The Democratic Socialists of America (DSA) kicked off a multi-month campaign on Sunday to support the Protecting the Right to Organize Act (PRO Act), which was introduced in the House in early February.  The PRO Act aims to remove many of the obstacles to organizing that are embedded in current labor law.  For example, the Act would prevent employers from holding captive audience meetings in the run-up to union elections, remove them from the process of setting election procedures, and strengthen penalties for retaliation against pro-union employees.  Moreover, the Act would ban collective and class action waivers in employment contracts and make it far more difficult for employers to exempt themselves from workplace safety and minimum wage obligations by classifying workers as independent contractors.  The PRO Act has passed the House before, and organizers hope that it may have a better chance to pass the Senate in the current political climate. 

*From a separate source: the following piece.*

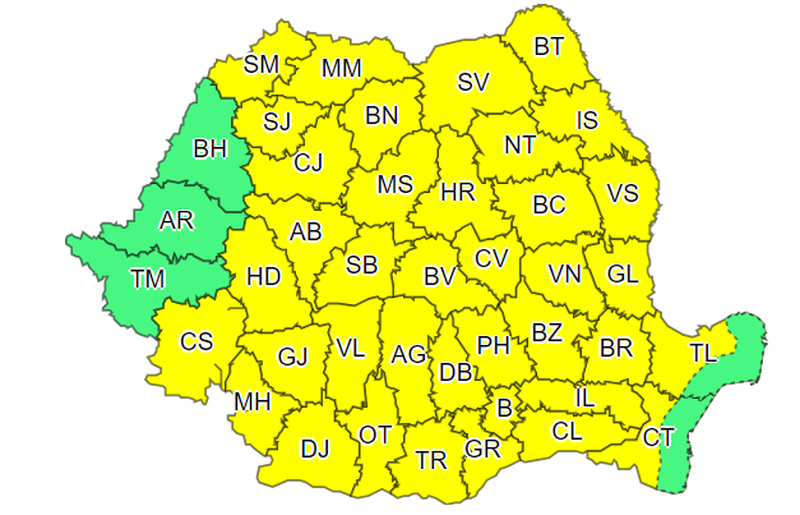 Instabilitatea atmosferică va fi temporar accentuată în toate regiunile. Se vor semnala averse ce vor avea și caracter torențial, descărcări electrice, intensificări ale vântului, vijelii și căderi de grindină. În intervale scurte de timp sau prin acumulare, cantitățile de apă vor depăși 15...25 l/mp, iar pe arii restrânse 35...50 l/mp.
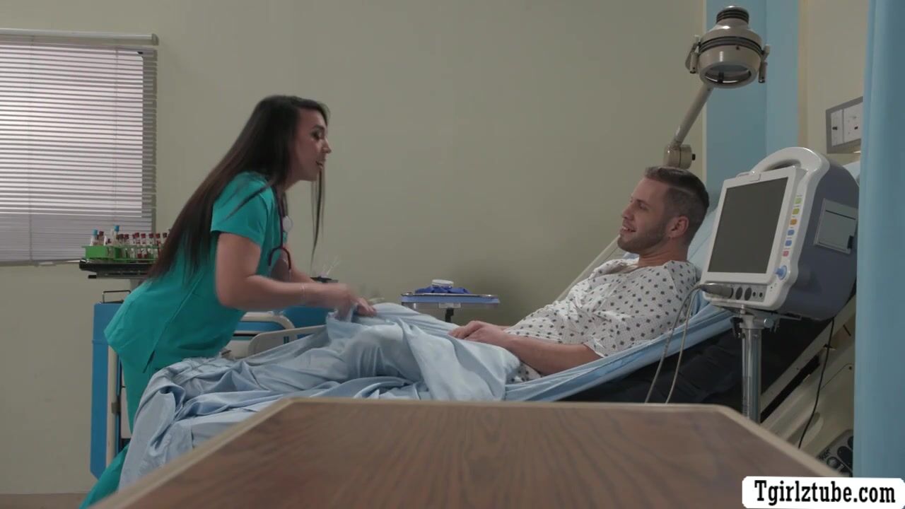 TS nurse Kasey Kei helps her patient Wolf Hudson gets better by sucking his hard big cock passionately and in return,her patient bareback fucks her tight asshole so deep and hard.Go to Tgirlztube.com for discount and more videos.

The Washington Post reports that President Biden’s promises to both support the labor movement and aggressively combat climate change have come into some tension in policy debates over new oil pipelines.  While the President’s decision to rescind the permit needed to construct the Keystone XL pipeline drew praise from environmental groups, labor organizations that hoped to fill jobs on the pipeline have been more critical.  More broadly, some labor leaders have expressed concern over the lack of union density and correspondingly poor wages available in renewable energy jobs as compared to fossil fuel–related ones.  In some instances, an AFL-CIO leader explained, a job on an oil or gas installation can pay around $70 thousand per year more than a comparable one in the less unionized wind or solar sector.  Still, labor leaders are giving the President the benefit of the doubt as the new administration finds its footing.  Given President Biden’s longstanding relationship with the labor movement, at least some retain “confidence that he’s the right guy at the right time.”

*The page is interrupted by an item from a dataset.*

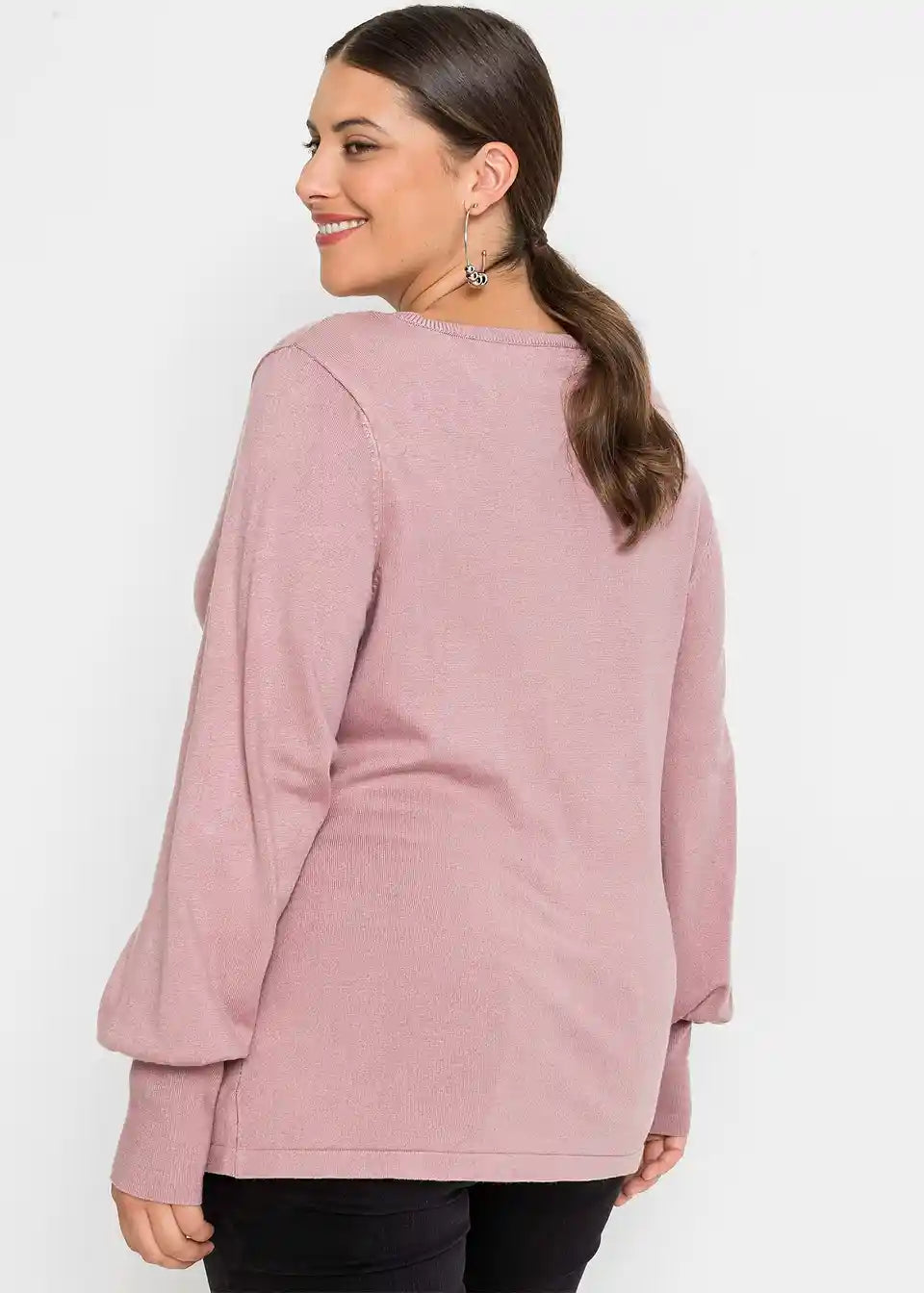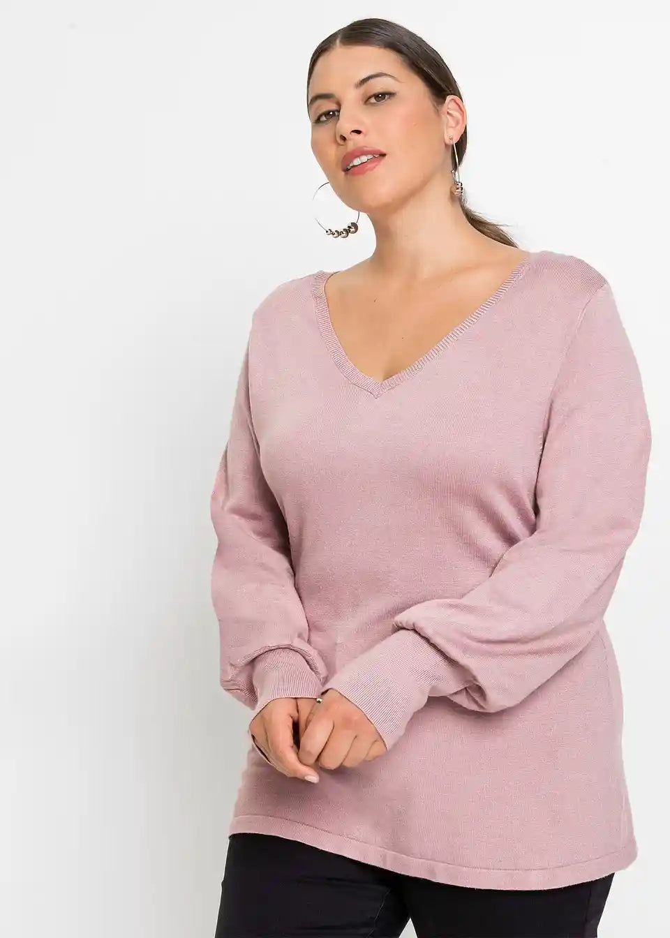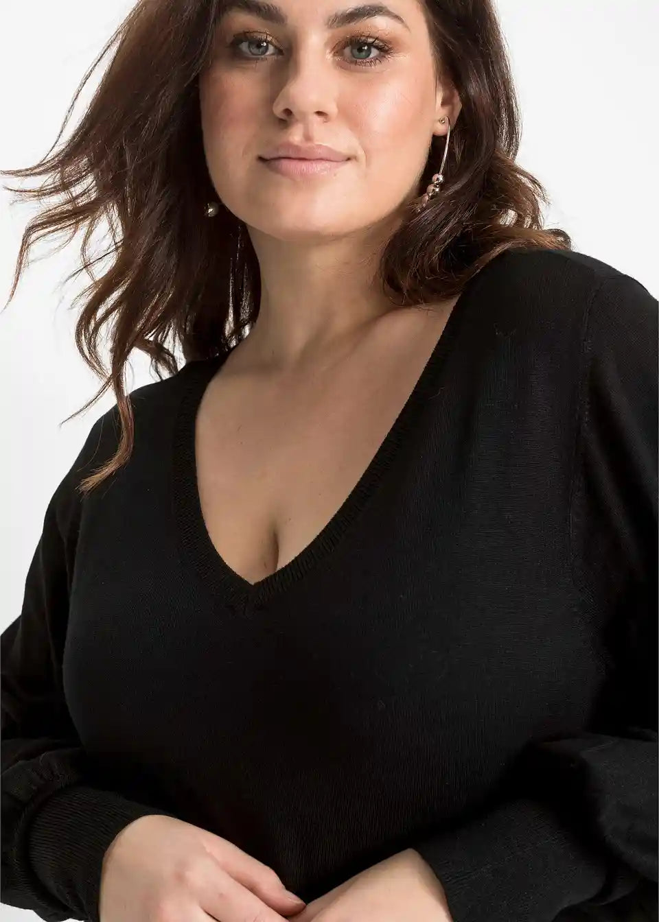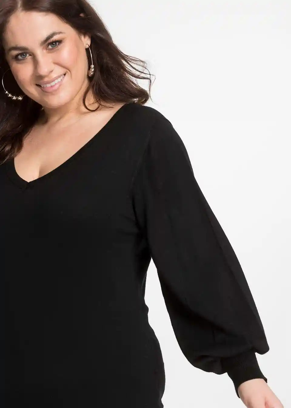 Ne glede na to, ali želite eleganten ali ležeren videz – ta privlačen pulover blagovne znamke BODYFLIRT je vsestransko kombinativen in čudovit poudarek. Eleganten pulover ima široke balonaste rokave, ki se proti zapestju zožajo in zaključijo s širokim patentom. Globok V-izrez poudari privlačen videz puloverja z balonastimi rokavi, ki sega čez boke.
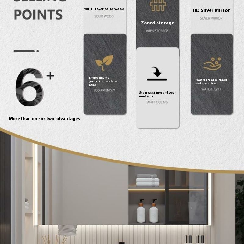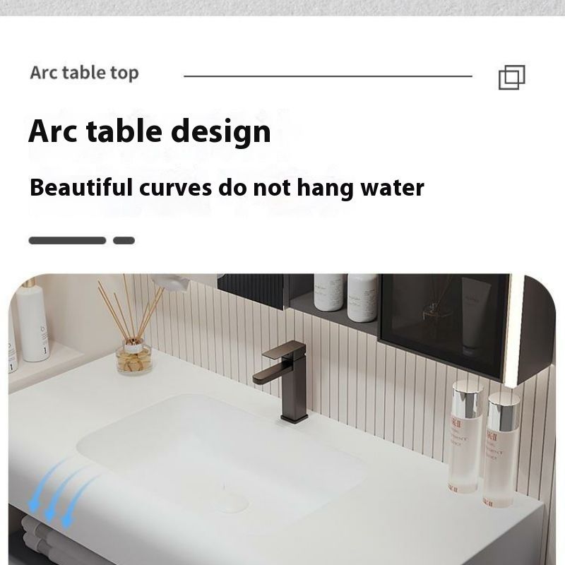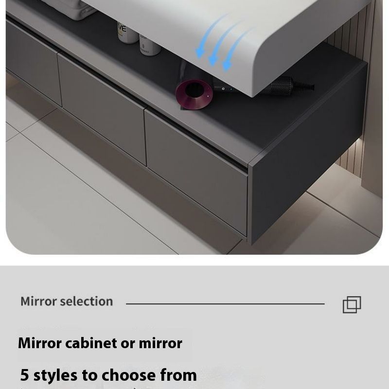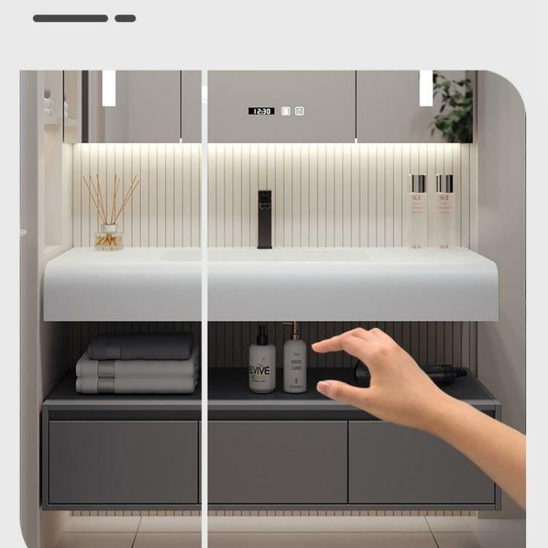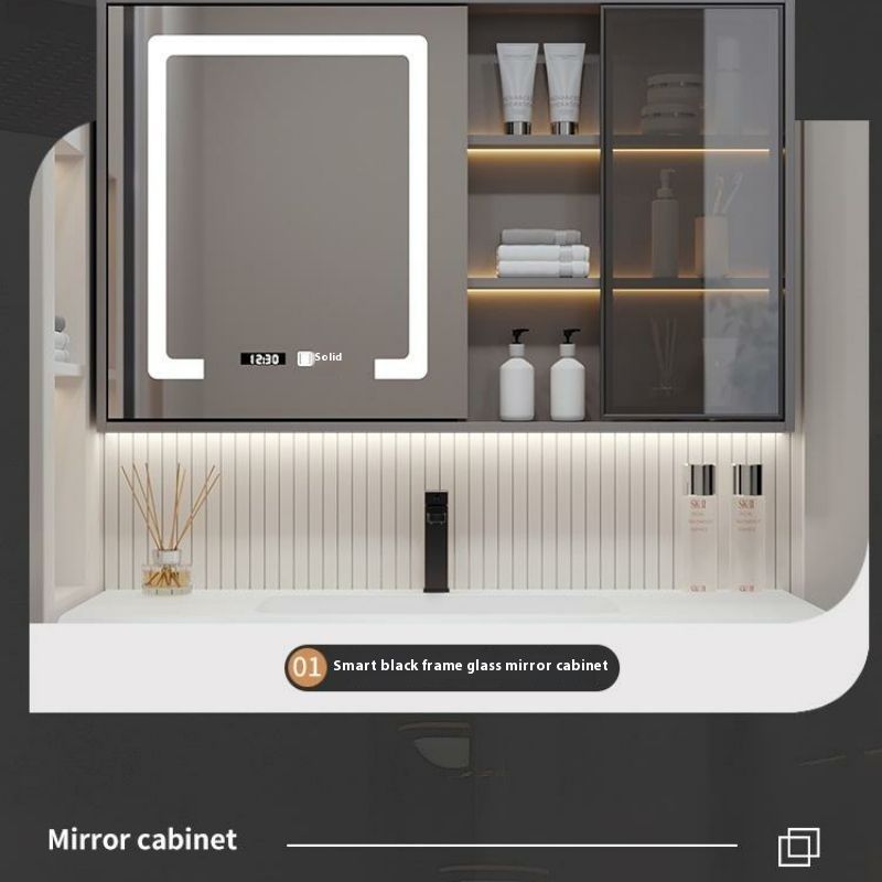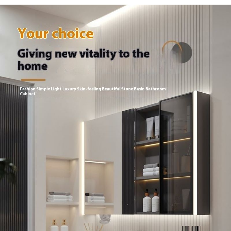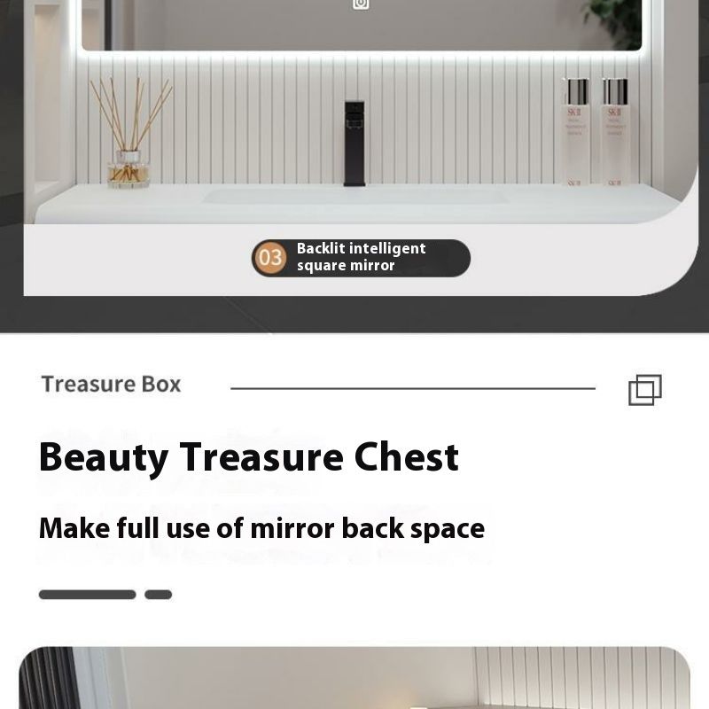 QW- Solid Wood Storage Smart Mirror Cabinet Bathroom Hand Washing Stone

On Sunday evening, organizers from the Retail, Wholesale, and Department Store Union disclaimed the call for a week-long boycott of Amazon that went viral over the weekend.  As Kevin mentioned yesterday, organizers of the boycott had asked consumers to respect a “virtual picket line” by refraining from using any Amazon products or making any purchases from its online store.  As HuffPost’s primary reporter on the Bessemer beat explained, calls to inflict economic pain on Amazon are misplaced at this particular moment, as they play into Amazon’s messaging that a union would hurt its business and threaten jobs.   Beyond the aborted boycott call, the Bessemer workers’ organizing campaign continues to draw high-profile endorsements.  Most recently, Tom Morello of Rage Against the Machine fame tweeted out a video message of support for the nascent union.

Finally, in a widely discussed interview with Oprah Winfrey, Meghan Markle compared the Screen Actors Guild–American Federation of Television and Radio Artists (SAG–AFTRA) favorably with the British royal family, noting that whereas “in [her] old job there was a union and they would protect” her, no such support was forthcoming when she approached the royal family’s human resources department for help with mental health issues stemming from the racist abuse she endured at the hands of the British media and other members of the family.